Num processo gradual, que começou com a desindexação dos reajustes salariais, o governo já conseguiu aprovar a introdução do regime de trabalho parcial, do banco de horas (mecanismo para as empresas redistribuírem a carga horária dos trabalhadores de acordo com suas próprias necessidades de produção, sem precisar pagar horas extras) e a mediação trabalhista, que transfere para técnicos da iniciativa privada prerrogativas do governo como a conclusão de processos negociais entre trabalhadores e empresários. Estimativas mais otimistas são de que o governo conseguirá propiciar aos empresários uma economia de 18,5% nos custos de contratação e dispensa de mão-de-obra. Iniciativas como a substituição da multa pela advertência, quando fiscais do trabalho encontrarem irregularidades trabalhistas consideradas leves nas empresas, são outro indicador dessa tendência do governo.
Operação desmonte
O ministro do Trabalho, Edward Amadeo, defensor da reforma trabalhista, propôs, recentemente, medidas ainda mais radicais, como a extinção da unicidade sindical, ou seja, maior liberdade para a formação de sindicatos, que poderiam ser criados até empresa por empresa, e fim do imposto sindical obrigatório. "É uma maneira de acabarmos com os sindicatos de gaveta, que não exercem nenhuma função social, e dar lugar a uma verdadeira representação dos trabalhadores", justificou o ministro. "Trata-se de uma operação desmonte da organização da classe operária", retrucou Giba Pereira, da CGT, numa posição que encontra apoio em todas as demais grandes centrais sindicais do país. Os sindicatos também se opõem à suspensão temporária do contrato de trabalho (destinada a evitar as demissões sumárias). Todos, no entanto, concordam com a inclusão da cláusula de garantia do emprego nas negociações coletivas.
"Na minha opinião, essa reforma trabalhista é um verdadeiro tiro no pé", declarou Antonio Prado, coordenador de Produção Técnica do Dieese, economista e professor da Pontifícia Universidade Católica (PUC). E acrescentou: "Ao eliminar encargos sociais para as empresas, as políticas sociais ficam seriamente ameaçadas: limita-se o alcance das linhas de financiamento de longo prazo oficiais em áreas habitacionais, de saneamento básico, sustentadas pelo Fundo de Garantia por Tempo de Serviço (FGTS) ou Fundo de Assistência ao Trabalhador (FAT), e ficam reduzidas as chances de a mão-de-obra brasileira se reciclar". Prado lembrou que a grande maioria dos cursos profissionais, de formação e reciclagem da mão-de-obra, são financiados diretamente pelos recursos arrecadados com os encargos sociais pagos pelas empresas. "Se eles são eliminados, as empresas têm um ganho no curto prazo, mas, à custa dessa capacidade do trabalhador de ampliar sua produtividade, em última instância, elas próprias se verão afetadas em seus projetos modernizantes."

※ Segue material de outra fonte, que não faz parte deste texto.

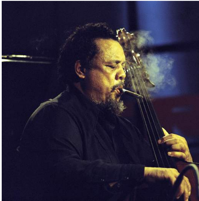
Afbeelding 6: Charles Mingus (1922-1979)

improvise on nothing man; you've gotta improvise on something , aldus de Amerikaanse contrabassist en jazzlegende Charles Mingus.

Prado não considera o custo da mão-de-obra um entrave à competitividade do produto brasileiro no mercado global. "A mão-de-obra nacional, no sentido mais amplo, já é uma das mais baratas do mundo", afirmou. "O que torna o produto brasileiro menos competitivo é exatamente o trabalhador despreparado para lidar com as novas tecnologias que demandam uma educação adicional." Além disso, os especialistas citam o fato de a dificuldade brasileira de competir no mercado global estar menos ligada ao pagamento de férias e 13o e muito mais ao câmbio sobrevalorizado, à infra-estrutura saturada e à falta de estímulo oficial às atividades exportadoras.